The Southern African Customs Union (SACU) says it is undertaking a review of the revenue-sharing formula of monies collected as customs duties and injected into the common revenue pool before being shared among the five member states.Swaziland, South Africa, Lesotho, Namibia and Botswana are the five members of SACU, an organization created in 1910 .to put in place a Common External Tariff (CET) on all goods imported into the union from the rest of the world.
It was also tasked with ensuring the free movement of manufactured products among member states without any duties or quantitative restrictions, and facilitate a Revenue-Sharing Formula (RSF) for the distribution of customs and excise revenues collected by the union.
SACU Council of Ministers Chairman Martin Dlamini, speaking during a media briefing convened at the end of the fifth SACU leaders summit in Swaziland on Friday, explained that member states had once again decided to undertake a study that would inform a fresh review of the revenue-sharing formula.

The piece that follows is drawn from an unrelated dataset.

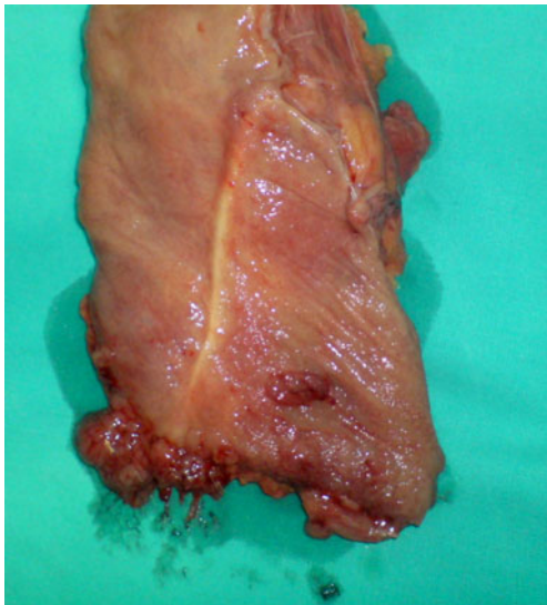
Fig. 3 Excised “J”-pouch. In its lower portion, there is a focus of adenocarcinoma. There are also adenomatous polyps with low- and high-grade dysplasia in FAP patients 15 years after restorative proctocolectomy

In this study, dysplasia and neoplasia were found in 15.7% of cases. Their distribution varied at different times after surgery. In a group 0–10 years after the surgery, low-grade and high-grade dysplasias were

“It is true that processes to review the SACU revenue-sharing formula have taken a while. It has been agreed by member states that a new study be undertaken after it was unearthed that the previous study, which was to inform the sharing formula would make some states worse off” said Dlamini.
He said this created the need for another study which is expected to be complete in a period of 24 months.
The one-day summit was attended by South African President Jacob, Botswana Vice-President Mokgweetsi Masisi, Namibian Finance Minister Carl-Hermann Schlettwein and a female representative from Lesotho.